Overall, while Clash Royale’s business model is questionable, the simplified RTS core gameplay loop is addictive to the point where I’ve set time aside to play the game. This is the first time I’ve really felt a free-to-play game grab me in such a way since Hearthstone and I somehow don’t mind at all.

Like Dave, Kris has also fallen prey to Supercell’s latest money-printing machine:

I think the thing about Clash Royale is that it’s deeper than it looks at first glance. Card battlers, which really is all Royale is when you strip it back to the core mechanics, tend to be either welcoming or terrifyingly complex, and Royale does a good job of welcoming you to the fold.

Where it shines is in its match up system. This is similar to the original Clash of Clans in many ways, with particular units having an affinity for each other. Dragons, for example, are inextricably drawn towards the knight, even if the knight can’t fight back. Knowledge of these relationships is where Royale’s tactical depth comes from.

You’ll work out some things quickly enough, like nothing distracts the giant from smashing buildings except other buildings, but building good counters for some cards will take you a long time, and you’ll likely find yourself struggling for some time until you unlock just the right new toy to give you the edge.

Even so, certain cards seem overpowered, like the charging Prince or the skeleton spawning witch, which seems like it’s part of the game’s free-to-play strategy. New cards are regularly gifted to you by the game, but a card shop also offers you the opportunity to spend soft currency on one of three cards that rotate daily. Don’t have that Epic card you need to push on? Maybe the shop has it, if you’re willing to part with some gold.

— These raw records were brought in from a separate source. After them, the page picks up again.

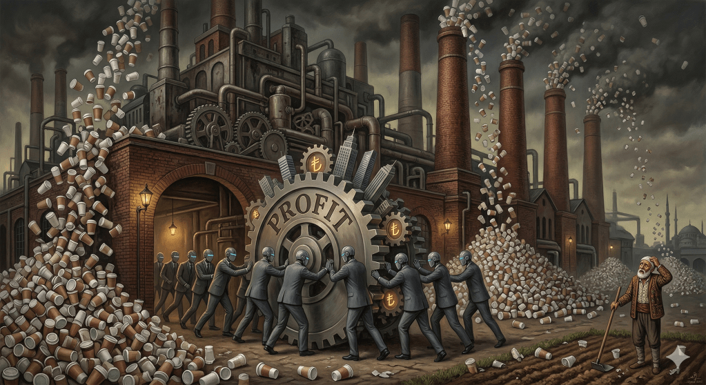 Hatırla serflerin lordları için çalışmakta olduğu zamanları, hatırla mülkiyetin çok daha az kişi elinde toplandığı zamanları (tabii ki de bugünü kastetmiyorum, yani belki). Bu zamanlar elbette ki makineleşme ve sanayi devrimi ile başlamadı. Belki de “çitleme(enclosure)” döneminin ilk tohumlarını attığı bu dönüşüm, makineler sayesinde hız kazandı. Önceden olan neydi? Çiftçi kendi ekinini eker biçer, kendine ve feodal beyine vereceği vergiye yetecek kadar üretim yapardı. Aynı şekilde başka meslek erbabı da bunu küçük çevresine yetecek kadar gerçekleştirirdi. İşin içerisinde aşırı bir üretim fazlası ve dolayısıyla kâr maksimizasyonu yoktu. Hatta öyle ki belki bu fazlalığı etrafına satmak mümkün olmadığı için zayi olan birtakım ürünler olarak bile görüyor olabilirdi. Bir düşün; ne kadar tuhaf, fazlalığın zarar olarak görüldüğü bir dünya bize çok yabancı, çok ters. İçemeyecek bile olsan venti boy almanın daha kârlı olduğu bir dünyada yaşıyoruz sonuçta.
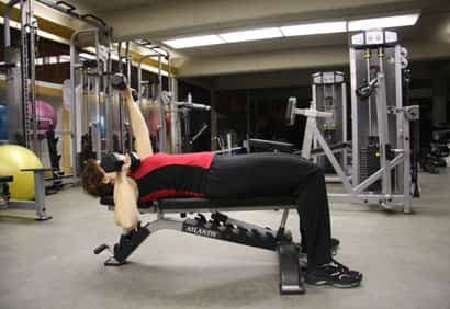 La main et le genou droits sur un banc, le pied gauche au sol, le bras gauche fléchi avec le coude collé au tronc et un poids dans la main (la paume vers le tronc), allonger le bras vers le bas de façon à ce qu'il soit perpendiculaire au sol. Faire 25 répétitions, puis inverser la position pour faire travailler le côté droit.
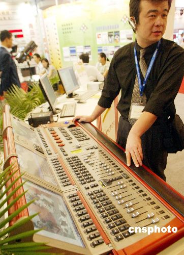 八月二十七日,正在北京舉行的“第十四屆北京國際廣播電視電影設備展覽會”吸引來自美國、英國、法國、日本以及中國六百余家客商參展,展會還舉行國際技術交流,相互傳遞數字廣播電視電影業的新信息,提高中國在數字化電影、電視技術的國際地位和影響。圖為參展商展示最新影視、廣播設備。作者:錢興強
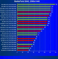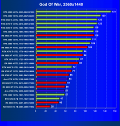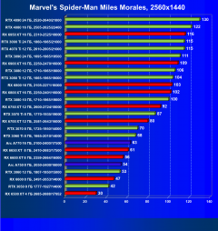 Составлен отдельный рейтинг полезности для разрешения 2560×1440. Взяты все ускорители, которые имеют средний FPS в играх в данном разрешении не ниже 50 (примерно). Остальные, следовательно, для этого разрешения не годятся и убраны из рейтинга (при этом нормирование результатов все равно идет по Radeon RX 6500 XT). Лидером стал RX 6700 XT 12 ГБ из-за достаточного объема памяти для такого разрешения и оптимальной цены. На втором месте оказался RTX 3060 Ti 8 ГБ, который немного дешевле, но менее производителен в данном разрешении, однако тоже позволит поиграть в современные игры в разрешении 2.5K. В играх с трассировкой лучей ситуация обратная: RTX 3060 Ti 8 ГБ за свою цену — более актуальный выбор, значительно превосходящий в этом случае RX 6700 XT 12 ГБ. Поэтому RTX 3060 Ti 8 ГБ становится лучшей картой на январь.
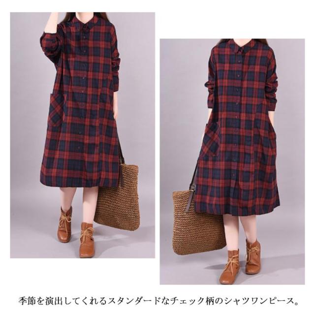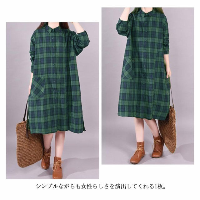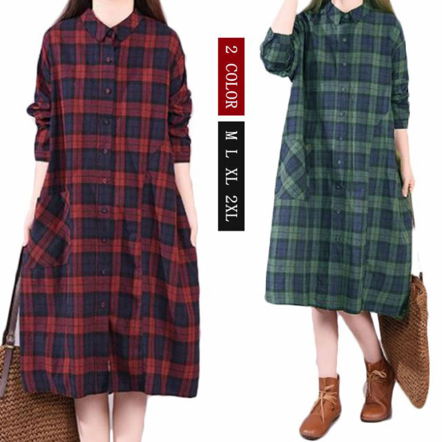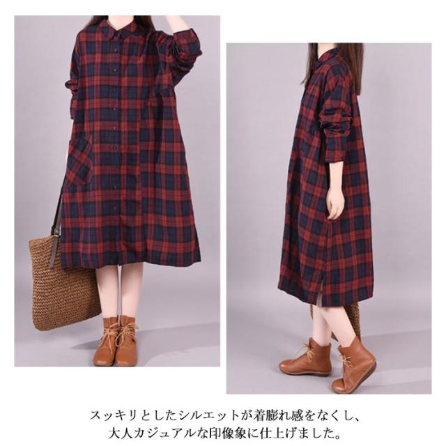 シャツワンピース 長袖 ロング ワンピース 秋 春秋 シャツワンピース チェック マキシ丈 シャツワンピース ロング丈 ゆったり 着痩せ 春 秋 シンプル ロングシャツ マキシワンピース シャツ 体型カバー
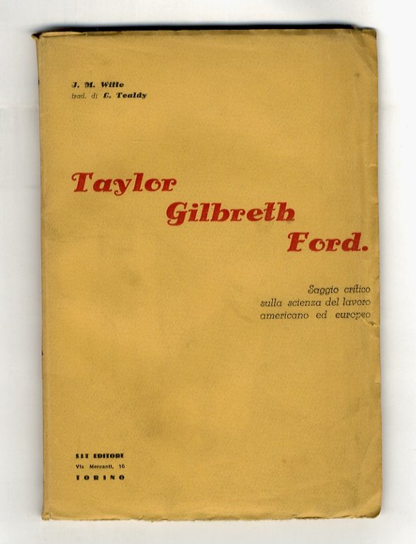 Taylor, Gilbreth, Ford. Studio comparativo sulle scienza del lavoro americana ed europea. Traduzone di L. Tealdy.

Ultimately it’s daily mechanics like this that build out Royale’s lifespan, keeping you coming back every time a new chest opens to shower you with new cards and more gold. The gameplay is satisfying, but not half as satisfying as finally getting that new card you’ve been pining after for days.


Fancy give Clash Royale a try yourself? Be sure to join our community clan by searching “TheSixthAxis” for a helping hand and friendly matches.

4 Comments

  1. Enjoying this myself too. Currently at Arena 2, winning, losing, drawing fairly evenly :)
    Has anyone set a TSA clan up?

    • Yup, it’s “TheSixthAxis” bizarrely enough!

      • Cunning. No wonder I couldn’t find it.

  2. My son got me in to this game a week ago and it’s got me hooked. It’s very much a dip-in type of game, taking up a few minutes each time throughout the day.

    I’ve found that if you’re in a good clan then asking for and donating spare cards is a great way of helping each other to get the upgrades you want.

    I’ve joined TheSixthAxis and intend on being an active member.